Поэзия «серебряного века» немыслима без имени Николая Гумилева — создателя яркого и самобытного литературного течения — акмеизма (от греч. аkme — острие, лезвие). Он завоевал симпатии читателей не только силой художественного таланта, оригинальностью и совершенством поэтических откровений, но и фанатичной любовью к путешествиям и странствиям, которые стали неотъемлемой частью его жизни и творчества. Созданный Гумилевым «Цех поэтов» объединил литературную молодежь, отвергающую эстетику символистов, их «братание» с мистикой и провозглашающую одинаково заинтересованное отношение ко всем проявлениям окружающего мира.

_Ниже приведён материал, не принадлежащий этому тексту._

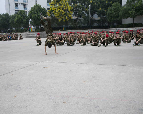 烈日当空,同学们在教官的口令下做着整齐的动作,迈着坚毅的步伐,努力的训练着。几天来,他们投入到了各个项目训练当中,齐步、正步、齐正步互换......随着一声哨响,同学们休息的时间到了。休息时,同学们感觉很累,教官为活跃气氛,带领着大家做娱乐活动,时不时有同学自告奋勇来表演节目,队列里不时地传来欢声笑语和阵阵掌声。表演之余,教官和同学们也是有说有笑,展现了训练时的严肃和休息时的轻松。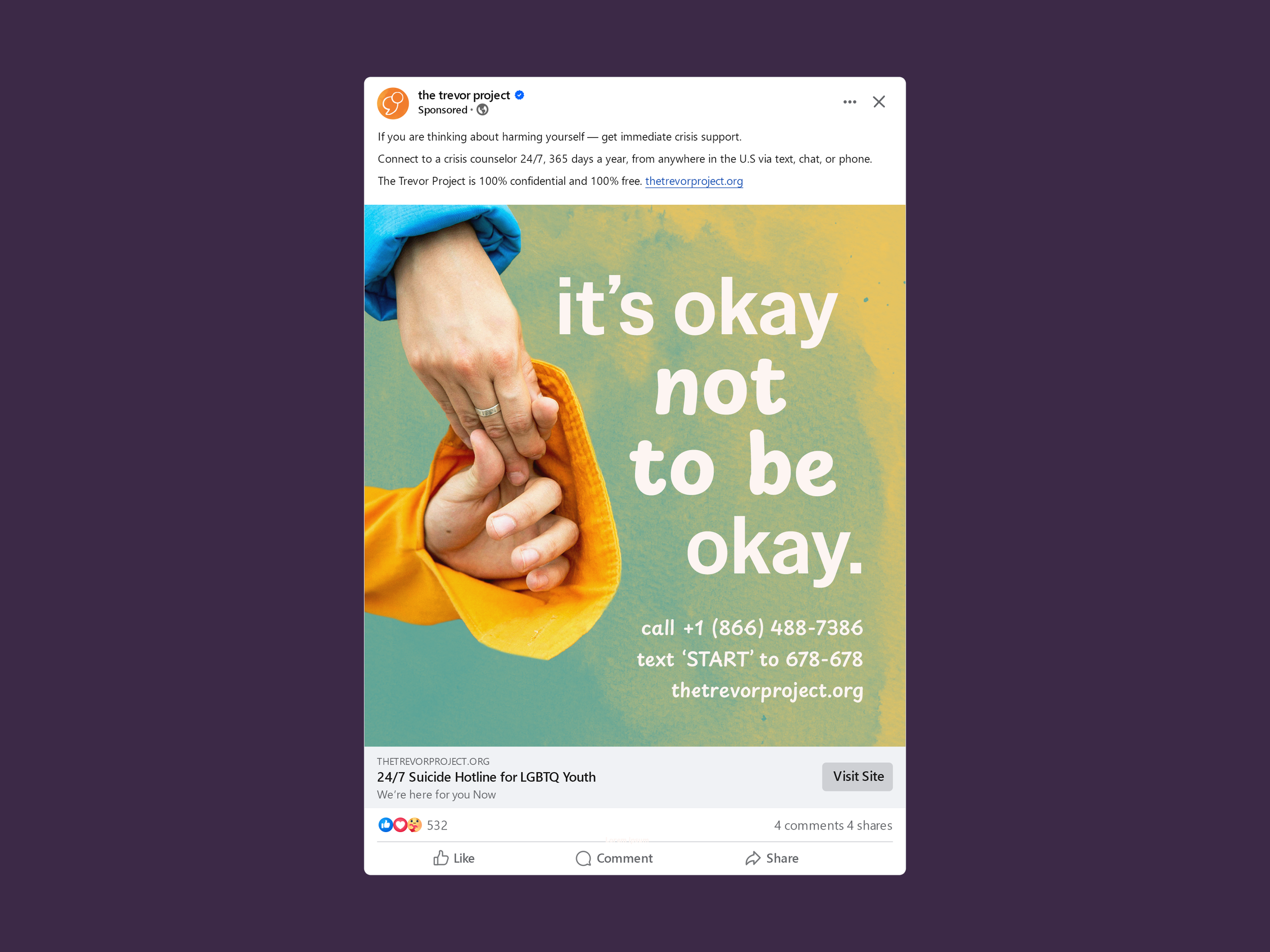 To deepen The Trevor Project’s connection with their audience, my creative decisions were informed how LGBTQ+ young people in crisis actually experience support. This audience turns to the internet first, especially if reaching out to adults in their life feels unsafe. For this refresh, the audience needs to see themselves reflected honestly.

В историю русской литературы Николай Гумилев вошел как талантливый поэт, самобытный драматург, оригинальный критик, глубокомысленный теоретик стихосложения и незаурядный переводчик. Муза дальних странствий, воспетая им во многих стихах, стала проводником поэта в непроходимых джунглях Центральной Африки, в раскаленных песках Сахары, в верховьях и устье многоводного Нила, в мрачных горах Абиссинии и экзотических лесах Мадагаскара…
Древние города Европы, Ближний Восток, Антильские острова, Средиземное море…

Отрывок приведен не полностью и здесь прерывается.